Joseph Healy, principal speaker for Left Unity, attended the recent Plan B conference in Copenhagen. This is his report.

The Plan B for Europe conference I attended two weeks ago in Copenhagen was organised by the Danish Red-Green Alliance and the Swedish Left Party. Unsurprisingly most of the attendees were Scandinavians, although there were delegates from across Europe. I was initially surprised to find that for a conference discussing the future of Europe there were no speakers from the UK and no workshops on Brexit. Indeed, having failed to get a speaking slot, when I made an intervention from the floor during Sunday’s plenary session, I remarked that I thought that Brexit had aready happened and that the UK event was organised in a small room down a corridor in the Danish parliament building where the conference was organised. The only other UK observers present were two members of Green Left who, like me, were left unimpressed by the approach to both Brexit and climate change – but more of that later.
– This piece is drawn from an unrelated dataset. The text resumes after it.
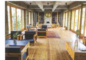
A room this serene is a just lovely to get reading

Just like the car, The Kumaon is beautiful not just on the inside. Their library is the perfect place to pick up a book and relax in the mountain sunshine, surrounded by birdsong and the fragrant smell of pine. The restaurant,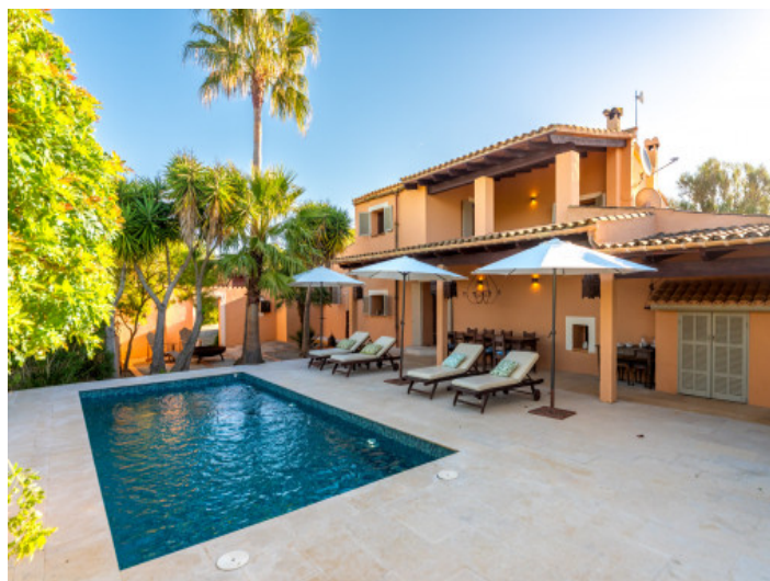
Pool is surrounded by a terrace

All information is correct to the best of our knowledge. Errors and prior sale excepted. This prospectus is purely for information purposes. Only the notarized deed of sale is legally binding.

The tone of the conference was set at the opening plenary on the Saturday, which did not have any opportunities from interventions from the floor. The panel consisted of representatives of the Dutch, Norwegian and Swedish Left parties along with a Slovenian speaker and Zoe Konstantopolou, former Syriza MP and Speaker of the Greek parliament. But the star on Saturday was Jean Luc Melenchon who guaranteed a large media presence. Melenchon gave a tub thumping speech about the neoliberal nature of the EU and referred to what seemed to have been a meeting with President Hollande about an EU treaty going to be presented in 2017 which would call for an EU military force. Melenchon claimed that Hollande told him that he knew nothing of the treaty and Melenchon promised that a resistance to war and a militarisation of Europe would be one of the main planks in his presidential campaign next year. The danger of the militarisation of Europe was one of the themes of the conference.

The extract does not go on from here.